When Facebook runs any of the ads, it’s going to send them out to Instagram and Facebook. It has all of those arranged. With Instagram, I saw the clicks were far less. I spent money straight up on Instagram $100, to see the viability of it. Out of that $100 spent, I didn’t get any results in terms of bookings. That made me feel that it wasn’t necessarily a viable source for new bookings from those ads. That’s something that might change. There’s an ebb and flow to things.

I’ve even started doing ads on Pinterest, and I can talk about that a little later but there are ways in which you can reach the audience that you are trying to reach. There are mechanisms that they are paying attention to online. You even mentioned TikTok. There are a lot of people on TikTok but I’m not necessarily sure how many people are going to be booking vacation rentals or even doing real estate investing. It’s the demographic of who is booking. When they are clicking on your ads, those things all come into factor.

The demographic who is actually booking and when they're clicking on your ads, those things all really come into factor. Share on X

I put a lot of effort into Facebook for a while, the beginning parts of my business. It’s not for real estate but more for real estate investing for women and bringing women together and the community. What’s interesting is that the level of effort that it took to try to get things moving was so massive. It’s not my expertise, and it became such a chore for me. It was not fun. I was spending too much time there, as you said. We are all busy.

You put in time and energy, and you want to see some results if you are going to continue. I found that with Facebook, I was not getting the results that were helping my ladies. On Instagram, I spent a lot of time on Instagram but I don’t post a lot anymore because, for a huge amount of time, I wasn’t getting any following or whatever. I’m a little bit of a social media fail, which I’m okay with. I decided it’s okay to be a social media fail. It’s interesting to me that you are talking so much about ads, and you don’t have to be active on social media and still, doing the ads is effective.

You are not a failure on this stuff. All of the efforts that you put in, even though you don’t see the value, still have some value to someone out there. When those people find you and go back through your past posts, they are like, “I get a sense of this,” as more of a rapport with you because you do that stuff. That heavy lifting up front is viable.

For ads, you can set this up. Facebook figures it out. It’s probably going to deliver over 3,500 different ads. When you think about the thousands of advertisements that are going out there and people being shown based on their interests and demographic area, sometimes I will target one city or different cities. I rarely target the whole United States.

I will go in and find specific areas where there are certain investors, people looking for certain properties or different things of that nature. I will find where the guests are based on a large blanket area and set the ads. I then see where the clicks are coming from as specific cities. I drill in and only advertise to those cities. I try to make it that way.
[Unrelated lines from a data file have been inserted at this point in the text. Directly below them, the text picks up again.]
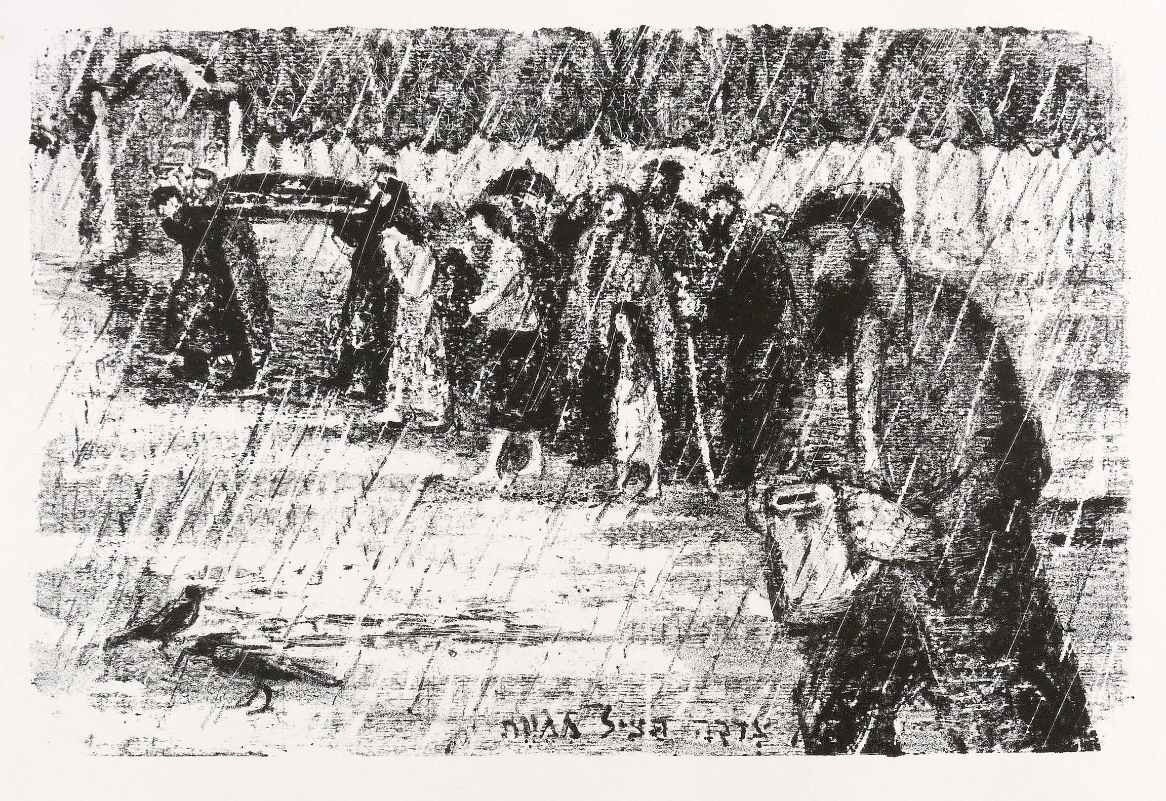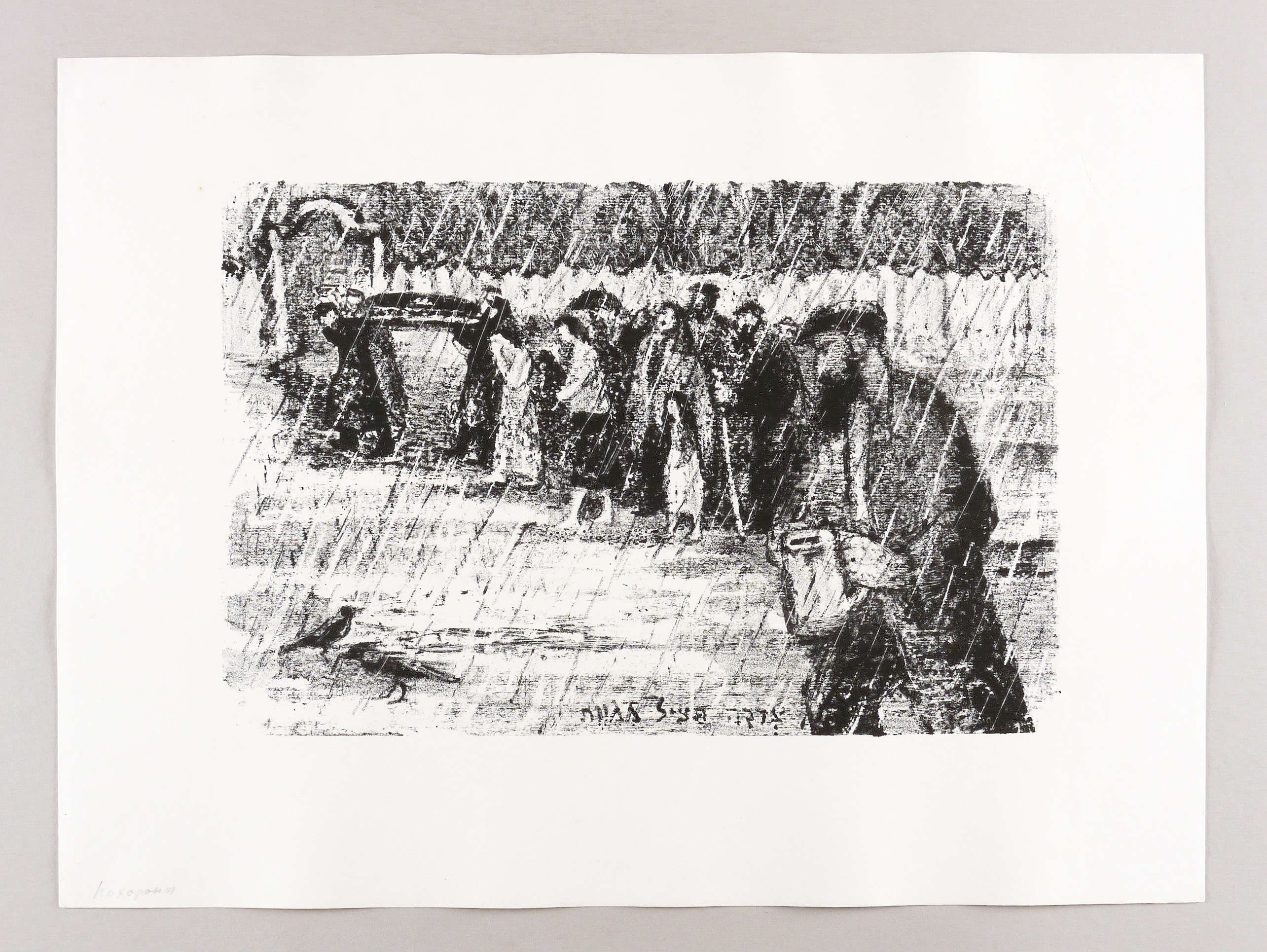 Mayer-Strodt V 71. – Unsigniert. Links unten in Bleistift vom Künstler kyrillisch bezeichnet: ″Похороны″. – Abzug außerhalb der Auflage von 125 Exemplaren zum lithografischen Mappenwerk ″Tewje, der Milchmann″ zu Scholem Alejchem (Moskau: Sovetskij Chudoznik 1961/1966). Druck wohl in Leningrad. - Die etwas spätere Edition als illustriertes Buch (Dresden: Verlag der Kunst 1967) wurde als ″Schönstes Buch der DDR 1967″ ausgezeichnet. - Der vermögende Lebemann Arontschik umwirbt Sprinze, die vierte Tochter Tewjes, wird jedoch von Mutter und Onkel von der nicht standesgemäßen Verbindung abgehalten, was zum Freitot der Sprinze führt. - Seltenes Blatt. – Sehr guter Zustand.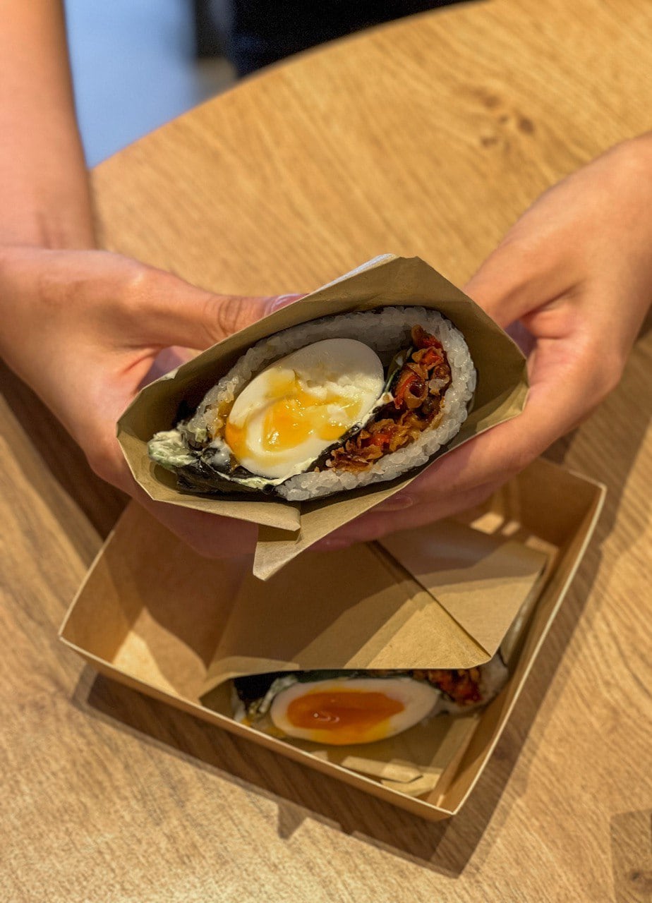 The Mentaiko Spam Tatami features a classic rice roll filled with spam katsu, egg, and shredded cabbage, all drizzled with mentaiko sauce. Needless to say, it was a safe choice, boasting a flavour most people will enjoy (I mean, it’s hard to go wrong with mentaiko).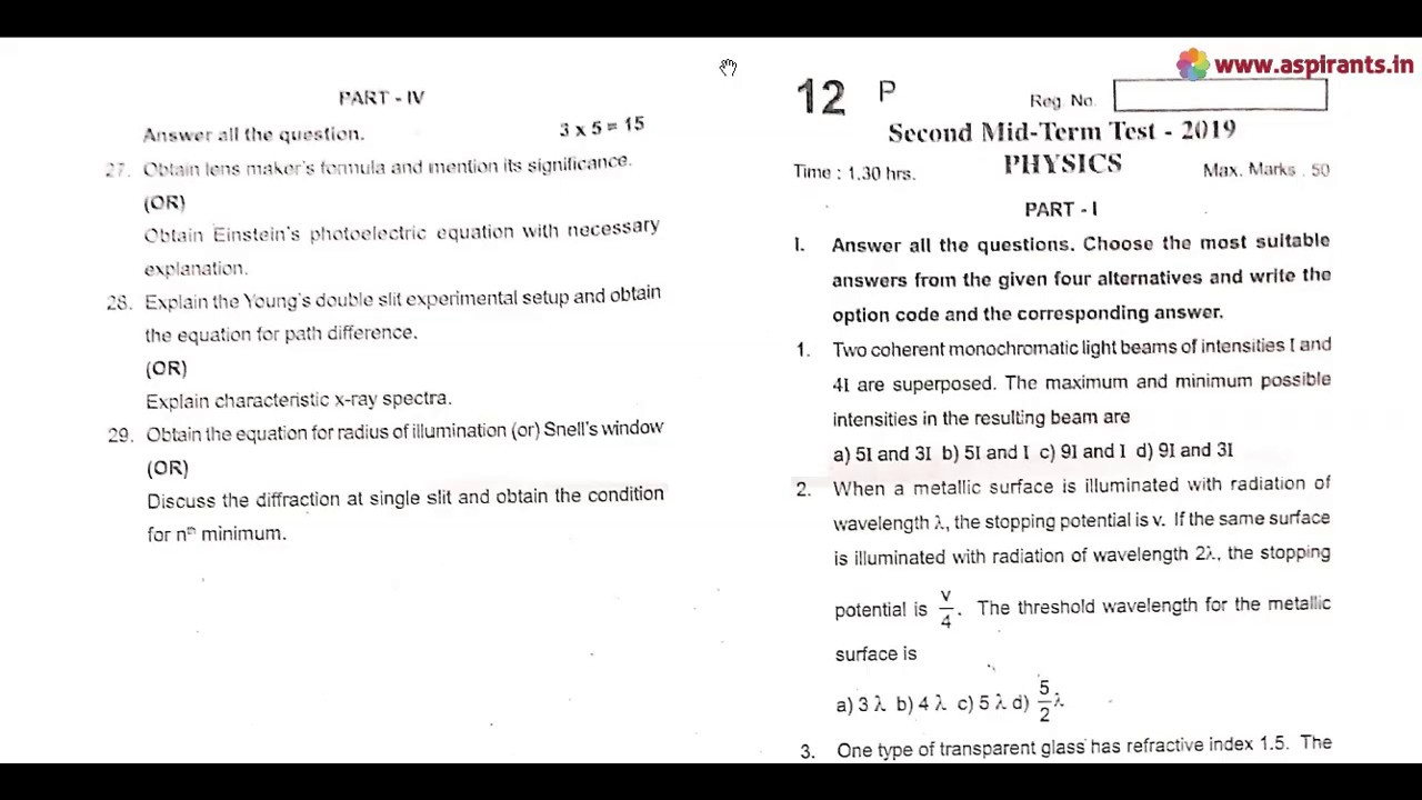 Team Aspirants Provides a clear and special Guidance for all 12th Students. Aspirants Team Provides 12th Physics 2nd Mid Term 2019-20 Question Papers and Answer Keys ( Previous year Question Papers). Now the 2nd Mid Term Examinations are conducted on the content of Samacheer Kalvi Text Books throughout Tamilnadu. This time our team has taken a keen effort to provide more study materials in order to help the Students. So we have covered the maximum and we are sure that we will instantly update more study materials for 12th Standard Exams. These Answer Keys are prepared by well-versed subject teachers. So that the students and teachers can analyse the best one for their evaluation.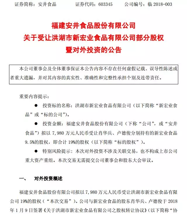 1月9日晚,安井食品發(fā)布公告,擬以7980萬元受讓新宏業(yè)食品19%的股權(quán)。公司與新宏業(yè)食品的股東肖華兵、盧德俊于2018年1月9日簽署《關(guān)于洪湖市新宏業(yè)食品有限公司之股權(quán)轉(zhuǎn)讓協(xié)議》。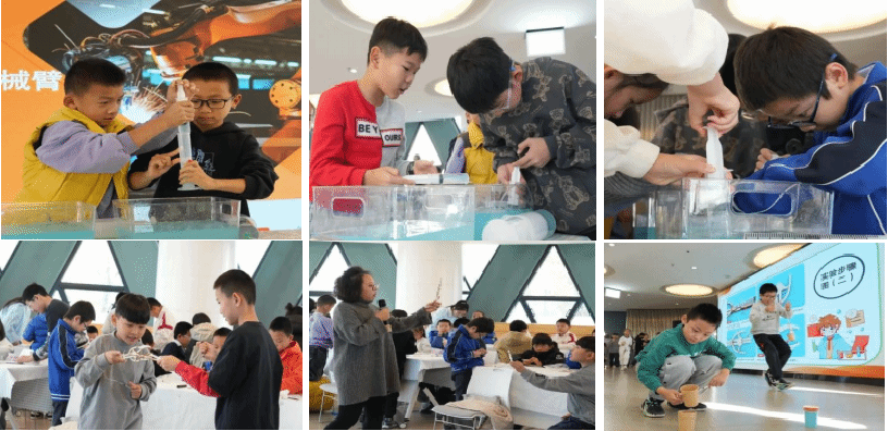 11月9日,作为科技教育的前沿课题,液压传动课程以“会用水传递力量”为核心,我院硕士研究生李欣然带领学生走进帕斯卡定律的奇妙世界。通过注射器推压比拼、液体压缩性对比、三孔量筒实验等环节,学生直观感知液体压强与深度的关系。在液压机械手制作与“纸杯搬运赛”中,孩子们将原理转化为工程产品,在协作中掌握液压系统组装、排气与操控技巧,初步培养了系统工程与团队协作能力。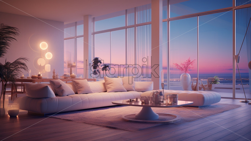 Modern house in the country side, minimalist wall and lounge, classy lounge with wooden shelves and indoor plants, relaxing living room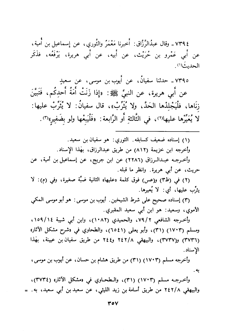 ٧٣٩٥ - حَدَّثَنَا سُفْيَانُ، عَنْ أَيُّوبَ بْنِ مُوسَى، عَنْ سَعِيدٍ، عَنْ أَبِي هُرَيْرَةَ، عَنِ النَّبِيِّ صَلَّى اللهُ عَلَيْهِ وَسَلَّمَ: " إِذَا زَنَتْ أَمَةُ أَحَدِكُمْ، فَتَبَيَّنَ زِنَاهَا، فَلْيَجْلِدْهَا الْحَدَّ، وَلَا يُثَرِّبْ " قَالَ سُفْيَانُ: " لَا يُثَرِّبْ عَلَيْهَا: لَا يُعَيِّرْهَا عَلَيْهَا (٢) ، فِي الثَّالِثَةِ أَوِ الرَّابِعَةِ: فَلْيَبِعْهَا وَلَوْ بِضَفِيرٍ " (٣)

I’m learning stuff with the ads. Even with Facebook itself, if you have some posts that have bigger interests or video posts, there are some things you can test out on social media without running them as ads. I like to run them as ads to test them out before I put them on social media. You can do both but it informs me of the other.

One of the best things now is that the videos are portrait-size. Those videos are more converting for Facebook’s own statistical analysis of how people are interacting with content. I usually talk to Facebook’s ad support team a couple of times a week. This summer, they have been promoting Reels. The most effective ads now are the fifteen-second ads that go between Reels. They are fifteen-second ads like a video, portrait size with your phone and film it is saying what you do and where you are at. Even if you are an investor trying to get other investors to pull money for a syndicate, there are different mechanisms that you can do to tell people about what you are doing.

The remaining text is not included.